During Hashtag Sports several weeks ago, I listened in on a panel about B/R’s House of Highlights. And, there was one point made that stuck out to me:

We have to meet fans where they are. It’s not about control, but making content accessible. See the big picture and don’t operate in fear.

Bleacher Report’s acquisition of House of Highlights was a smart move because they understood their audience was there. Instead of trying to shift where fans are consuming (which is hard to do) they went to them. For B/R, House of Highlights was a strong touch point to reach their core consumer.

This idea got me thinking. Teams, leagues, etc. spend a lot of time focusing on their own social channels, distribution and growth. These things are important, but there’s another layer to ALSO think about. And, it’s how can we lift conversation around our brand and get more eyes on our content?

Instead of trying to shift how and where people consume our content, we need to start thinking about how to make our content accessible. We need to start asking some hard questions and think about distribution differently, especially with the rise of algorithms and clutter online.

Athletes are an obvious choice to help distribute content. Most teams and leagues understand they should be thinking about that, but we don’t really talk about the fan’s role in content distribution. And I wonder, is this something we should consider?

Think about it. PGC brands pay a lot of money for influencers and even micro-influencers to share on behalf of the brand. They lean on them for product launches, brand campaigns and pulling in a new audience.

In sports, we don’t have to find people to pay to share on behalf of our brand. In sports thousands, even millions,of fans, would consider it an honor to be share something from the brand. We’re extremely lucky in that respect. And, it’s something we should not take for granted. Fans can help us reach a new audience while also adding a level of credibility. Yes, word of mouth still matters.

“Wallpaper Wednesday” is a small example of an appetite to align themselves with their favorite team. Fans love them, ask for them, expect them. And, it’s a small example of how teams have thought about catering to their fans and their own channels (or devices).

Let’s take it a step further though. Is there an opportunity for teams to create a bigger mechanism for fans to spread the word about games, initiatives, milestones, etc. on a consistent basis? I keep going back to the idea of creating a “VIP virtual fan club” where fans are granted access to an exclusive group. This would be about making fans active participants vs passive participants, encouraging and empowering them to share their passion for the team.

What could this “VIP, virtual fan club” be about or include? While this is in no way a flushed out plan or concept, here are some general ideas (simply to get the wheels turning).

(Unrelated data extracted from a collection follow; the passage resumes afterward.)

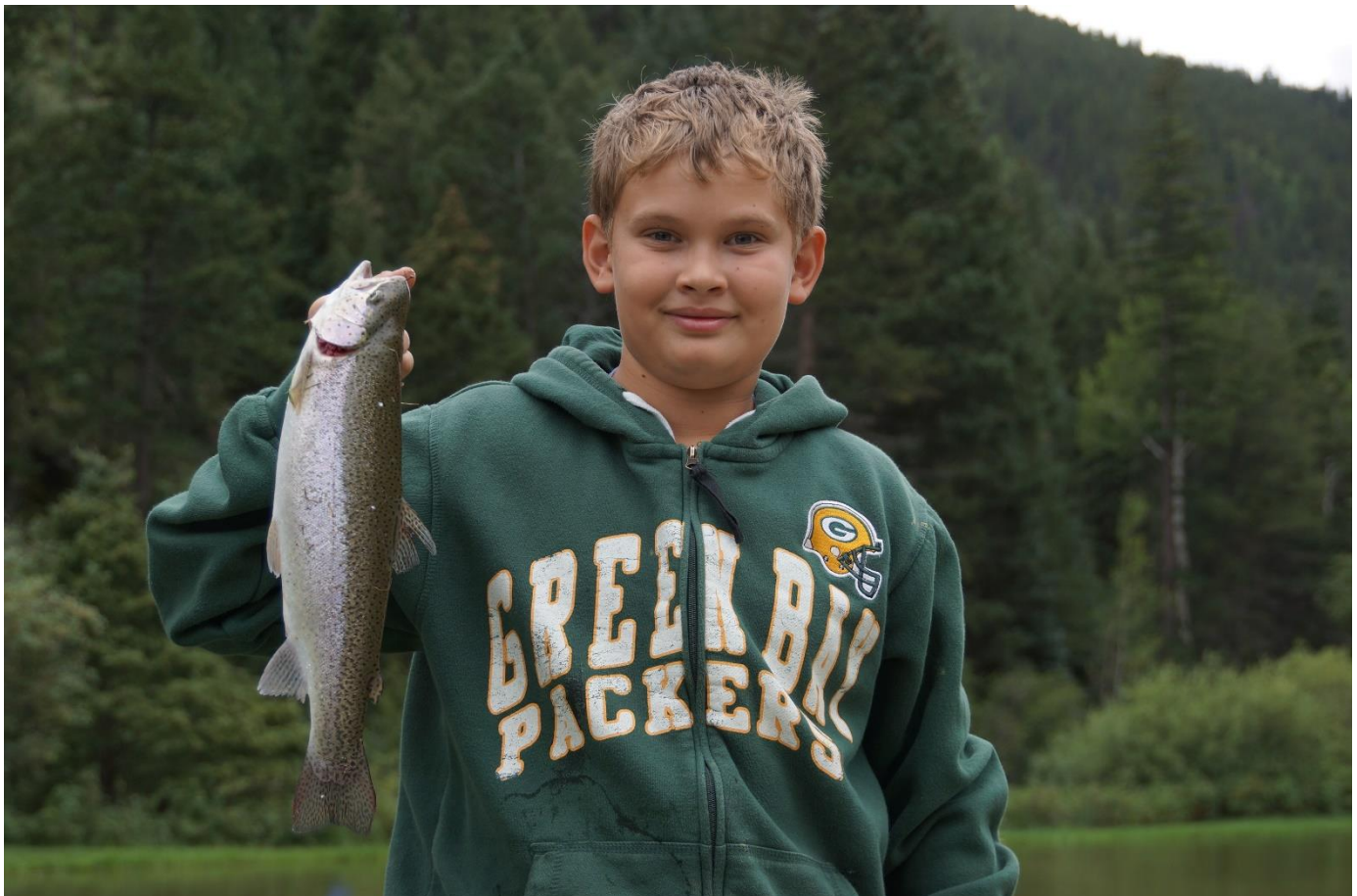
In 2013 he catches a great Rainbow Trout in Colorado.
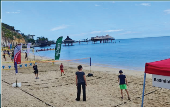
Regular AirBadminton sessions open to the public on the beach in Noumea (NCL)

With increased priority on AirBadminton from the BWF we saw several new initiatives undertaken during 2025; most notably:
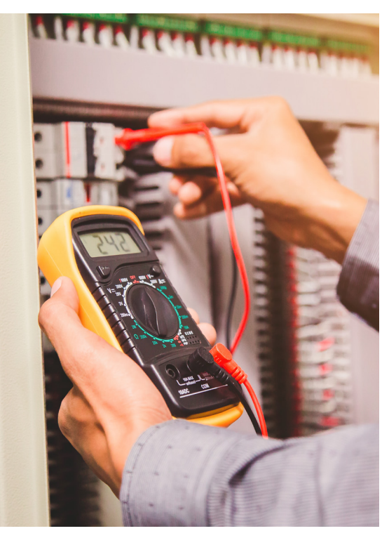
Electrical panel undergoing testing

Using the VeriSafe<sup>™</sup> AVT, all the engineer needs to do is activate the automated tester, note the indicator status and – if a green indicator is illuminated – open the enclosure to start work. At no time throughout the sequence of events – which in any case takes just seconds – is the engineer exposed to any electrical hazard.
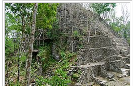
Pyramid at El Mirador
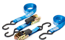
Yamaha Ratcheting Tie-downs

For all YFM90R accessories go to the website, or check your local dealer
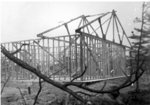
Construction begins on the 1966-1987 Trading Post.
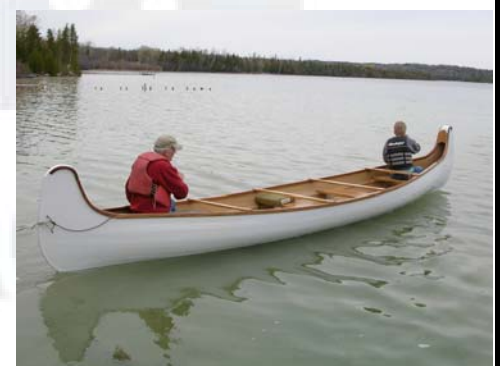
Our 26' Voyageur canoe, completed this month. It floats! This canoe is representative of large trading canoes that plied the Great Lakes in the 1600's.

What’s the general idea of a VIP virtual fan club?
It’s a virtual group of people who love the team and want to advocate on behalf of the brand. The team should help empower (and thank) this group to share their passion for the team, and also, help generate conversation and community.

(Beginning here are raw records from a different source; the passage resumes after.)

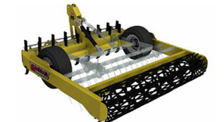
Hydraulic Lift Axle
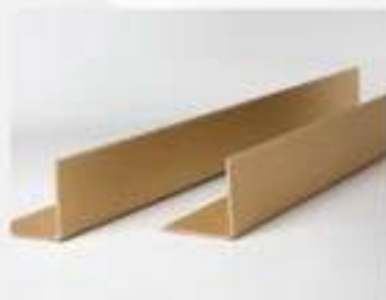
Angle Edge Board
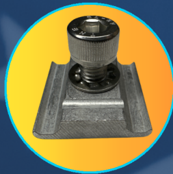
MLPE Clip SS01-RMC-00
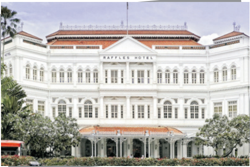
Raffles Hotel Singapore
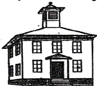
Graded School - 1869 Richford, N.Y.
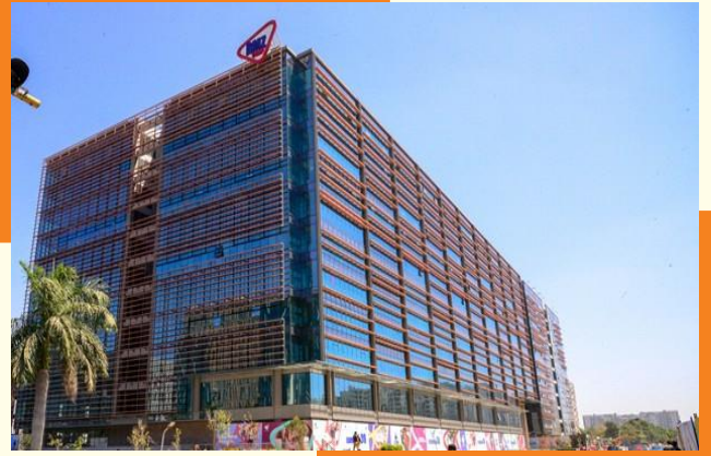
RMZ ECO World Campus, Bengaluru
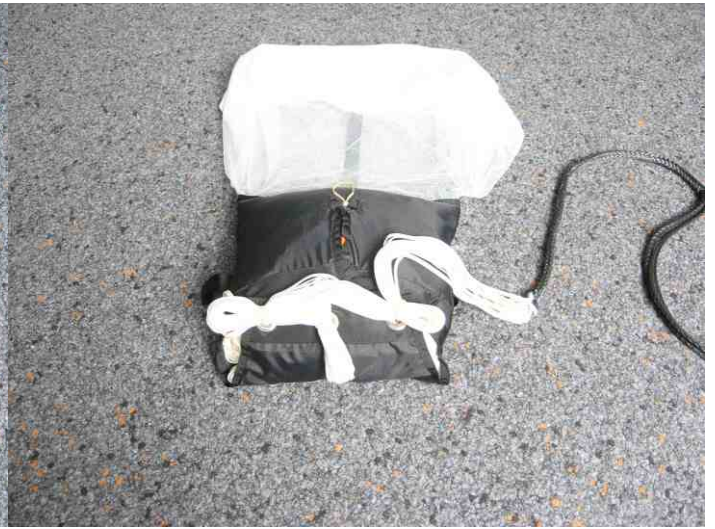
14. Close the deployment bag with the lines. First in the middle then the sides. The last 30cm lines are used to close the drogue chute.

Attention: You have to use new rubber bands for the line-bundles and the deployment bag everytime the parachute is packed.

What it needs to be successful.
The virtual fan club needs to feel exclusive enough where people feel part of something special, but also, large enough to make an impact.

The group needs a community manager from the team and a “meeting” channel for them to feel part of something bigger. For example, a closed Facebook group could work for this or even a Slack channel. The channel should feel community driven. It’s a place where the team can help curate conversation and also distribute content for the fans to use on their own channels easily.

What could the “virtual club” provide to teams?
From a digital perspective, these people become another avenue to distribute content. The content can range from video series to things like All-Star Vote or reminders about tickets going on sale. Teams would have to focus on content that people actually want to share — like hype graphics — that connects on an emotional level and gets people excited. By empowering and encouraging fans to share content created by the team on their own channels, you’ll reach a new audience and add a level of credibility (people still trust peers more than brands).

Additionally, this group can become a focus group for your team. They can give insight into what they look for in content, feedback on the game experience, etc. It’s an opportunity for the organization to connect with fans on a personal level outside of season ticket holders.

What do they get it in return?
Exclusivity and community can go a long way when executed right. Showing appreciation and giving fans a voice is often a reward in itself. Additionally, the group can be surprised with swag throughout the year, discounts and even group meetups hosted by the team.

What’s the evolution?
Maybe, this becomes a larger membership play where teams open it up to anyone who asks to join. This would allow teams to get first-hand data of their fans vs relying so much on social channels (owned vs borrowed). I realize to scale would take a large commitment, but maybe fans feeling like active participants could pay large dividends (and again, you would actually own this data).

And yes, there are things to think through.
As mentioned, this is not a complete plan or even a concept. Teams would need to understand the resources that this would take, how to exactly track results and understand the risks and rewards.

That said, we shouldn’t underestimate how much our fans want to be part of our organizations. There’s something powerful and interesting about the idea of a community where fans feel part of the journey and teams actually own the data. Let’s work on making our fans active participants vs passive participants. If we can crack that code, it could be a really powerful thing.

I would love to hear any ideas you have about bringing fans more into the fold? And, have you seen any teams that have done this particulary well?